Una vez a la semana, con gran satisfacción de Hildesheimer, que deseaba «ver el edificio vivo y respirando», un gran bullicio animaba el Instituto, la calle se llenaba de coches y, durante el descanso para tomar café, un rumor de conversaciones e, incluso, de risas resonaba en el aire, mientras los profesores y los alumnos confraternizaban y se contaban anécdotas de las experiencias vividas a lo largo de la semana.
Pero nada era comparable a los sábados.
Los días de los seminarios, nunca faltaba alguien que saliera de algún despacho en el último momento y les pidiera a quienes habían llegado pronto que se retirasen unos instantes a la cocina para poder acompañar a su paciente hasta la salida manteniendo en secreto su identidad. Mas los sábados, hasta los pájaros madrugadores encontraban las puertas abiertas de par en par y sabían que, si se les antojaba, podían silbar una cancioncilla sin inmiscuirse en el mundo interior de las personas que otros días ocupaban los divanes.
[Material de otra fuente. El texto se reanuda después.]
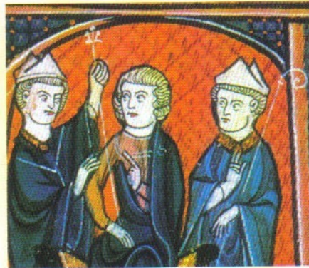
b. La remise du sceptre.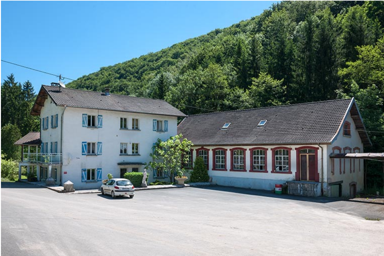
Logement et atelier de quincaillerie depuis l'ouest.

25, Feule, lieudit : le moulin de chez la Dinette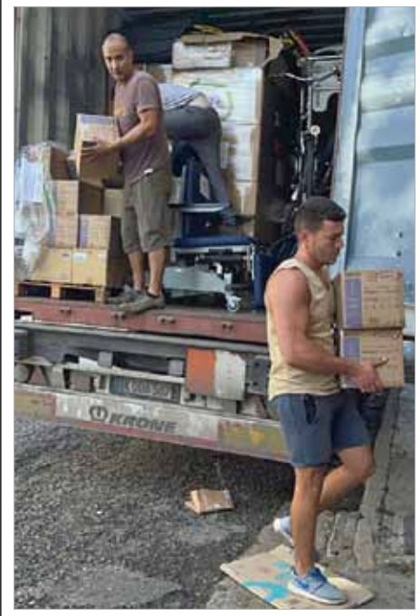
Beim Ausladen und Sortieren der Fracht für die verschiedenen Empfänger in Kuba.

Der am 26. August 2023 in Berlin beladene Solidaritätscontainer kam Mitte November 2023 im Hafen Mariel an. Ein gutes Dutzend Cuba sí-Aktivisten hatte ihn bis unters Dach vollgepackt mit

Cierto era que no había suficientes gabinetes para acoger a los treinta candidatos y a todos los pacientes.
Cierto era, también, que la asignación de los gabinetes resultaba problemática, así como la programación de las citas, pero siempre que se presentaban quejas en las reuniones del Comité de Formación, el viejo Hildesheimer insistía en que los candidatos siguieran viendo a sus pacientes en el Instituto hasta que se convirtieran en miembros de pleno derecho. Había que utilizar el edificio, había que habitarlo, decía, según le habían contado a Gold.
Aunque no se podía decir que la gente se peleara por las habitaciones, las diferencias de veteranía y de estatus que había entre los candidatos se ponían claramente en evidencia. Ni que decir tiene que a un candidato recién llegado se le asignaría el cuarto pequeño, mientras que un candidato veterano con tres pacientes podría elegir la habitación que más le conviniera.
En el cuarto pequeño había poco espacio, desde luego, pero su mayor inconveniente era que estaba situado junto a la cocina. Las voces de quienes conversaban en susurros mientras tomaban café en los breves intervalos entre paciente y paciente, el timbre del teléfono, la voz queda y vacilante de la secretaria contestando a las llamadas…, todos aquellos sonidos lograban penetrar en el cuarto a pesar de los persistentes esfuerzos por aislarlo; como el de colgar una doble cortina por la parte interior de la puerta.
Los pacientes tratados en aquel cuarto nunca dejaban de reaccionar ante el fenómeno en cuestión. Gold pasó muchas horas dando distintas interpretaciones a su segundo caso, una mujer que nunca se sobrepuso a la sospecha de que sus palabras se oían en la habitación contigua.
Pero los sábados, cuando los miembros del Instituto se reunían para asistir a conferencias y realizar votaciones, todo estaba permitido. Las ventanas se abrían de par en par y la luz límpida y dorada de Jerusalén y del mundo exterior penetraba en los despachos. Aquel sábado, Gold entró silbando en el cuarto pequeño para coger la última silla. El cuarto pequeño, que era donde él trabajaba, tenía un aire familiar, amigable. Aunque Gold sentía afecto por «su» despacho, anhelaba el momento en que, en virtud de su veteranía, le permitieran trasladarse al primer cuarto situado a la derecha de la entrada; en la intimidad, se refería a él llamándolo el «despacho de Fruma», porque Fruma Hollander, una mujer soltera y sin hijos, había legado sus grandes y confortables muebles al Instituto; y los muebles, e incluso los mortecinos óleos de la habitación, retenían parte de la benévola cordialidad y de la alegría de vivir de su antigua dueña.